For today's lab your objectives are to 1) familiarize yourself with contig assembly software; we will use "Sequencher," which is a user-friendly commercial package. The version you will be using is fully functional, but you will not be able to save your results. 2) to look at actual sequence traces and understand the relationship between traces and base-called data, and 3) to explore the consequences of different parameter settings in contig assembly.

Exercise:

Dr. J. Scientist is excited to have found that the following sequences form a single contig when using Sequencher with the parameters set at miniumum match 70%, overlap 15 base pairs, and dirty data. Please check the work and determine if you agree with this conclusion.

Be sure to:

1) Run Sequencher with the parameters used by J. Scientist (set the parameters as specified, then click on "auto align").

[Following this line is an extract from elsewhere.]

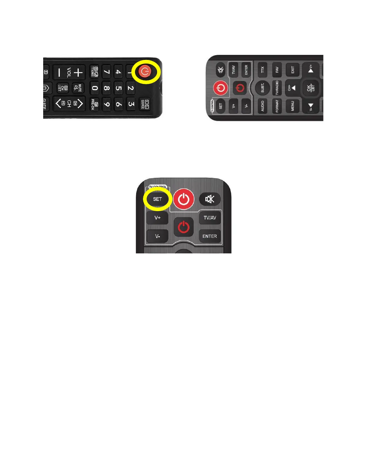 The "SET" button is not programmable. Any 5 buttons from another remote control can be programmed,

2) Repeat the analysis with stricter parameters (i.e., set the parameters to the defaults).

3) Use the Sequencher function "interactive assembly."

4) Go to NCBI trace archive and look at some chromatogram traces. These sequences are from Macaca mulatta. If you have trouble finding the Macaca mulatta traces on your own, follow this link.

When you look at the sequences manually after replicating J. Scientist's work, what characteristics make you suspicious of J. Scientist's work? Why?

How many contigs do you think are formed?

How many sequences below are not included in a contig?

What chromatogram characteristics give you more confidence in some base calls than others?

How do you explain the discrepancy between J. Scientist's observations and your own?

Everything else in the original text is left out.